ObjectverseDiary / docs /SUBMISSION_GUIDE.md
qqyule's picture
Deploy live MiniCPM-V vision defaults
0cadcec verified
# Submission Guide
## Required Package
- [x] Hugging Face Space URL: https://huggingface.co/spaces/build-small-hackathon/ObjectverseDiary
- [x] GitHub Repository URL: https://github.com/qqyule/Objectverse-Diary
- [x] Demo Video Script: `docs/DEMO_VIDEO_SCRIPT.md`
- [x] Social Media Post Draft: `docs/SOCIAL_POST.md`
- [x] Fine-tuned Model URL: https://huggingface.co/qqyule/objectverse-diary-qwen15b-lora
- [x] Dataset URL: https://huggingface.co/datasets/qqyule/objectverse-diary-sft-curated
- [x] Trace Dataset: local public mock JSONL export at `data/traces/samples/objectverse_public_mock_traces.jsonl`
- [x] Field Notes Draft: `docs/FIELD_NOTES.md`
- [x] Short project description: available in README
## Local Evidence Ready
- Initial mock MVP report: `docs/INITIAL_STAGE_REPORT.md`
- Runtime boundary: `docs/RUNTIME.md`
- Dataset plan and preview workflow: `docs/DATASET.md`
- External setup checklist: `docs/EXTERNAL_SETUP.md`
- Space VLM validation report: `docs/SPACE_VLM_REPORT.md` currently passes for public mug, keyboard, and shoe images on ZeroGPU with `OBJECTVERSE_VISION_BACKEND=minicpm-v`.

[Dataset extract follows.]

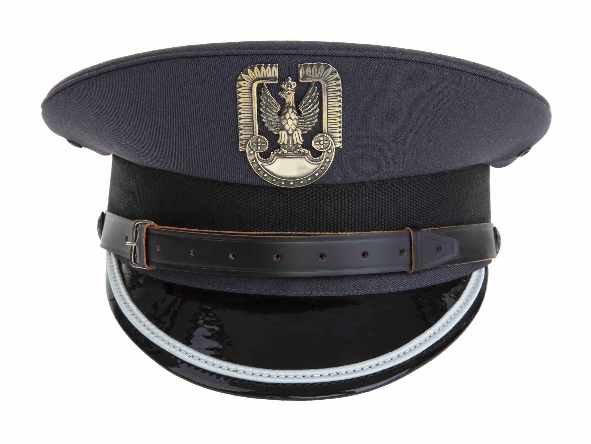 Czapka w kolorze stalowym z białym otokiem. Posiada czarny daszek nad którym znajduje się czarny pasek wykonany ze skóry oraz orzełek metalowy lub płócienny.

- Space VLM diagnostics: hidden `/vision_runtime_probe` API confirms Torch/Transformers, CUDA, and MiniCPM-V model load status.
- Live Space runtime: ZeroGPU `zero-a10g` with `OBJECTVERSE_VISION_BACKEND=minicpm-v`, `VISION_MODEL_ID=openbmb/MiniCPM-V-2_6`, and `OBJECTVERSE_TEXT_BACKEND=mock`.
- Space VLM trace evidence: `data/traces/space-vlm/`
- Public mock traces: `data/traces/samples/`
- Stable demo baseline: Gradio example buttons replay committed sample traces first, then fall back to the live generation pipeline if a cached trace is missing.
- Optional llama.cpp runtime wiring: `src/models/llama_cpp_runner.py`
- Published LoRA v2 Q4_K_M GGUF: https://huggingface.co/qqyule/objectverse-diary-qwen15b-lora/blob/main/objectverse-diary-qwen15b-lora-v2-q4_k_m.gguf
## Completed Locally
- Mock MVP flow, archive-style UI, share card, trace logging, sample traces, dataset preview, and initial acceptance tooling.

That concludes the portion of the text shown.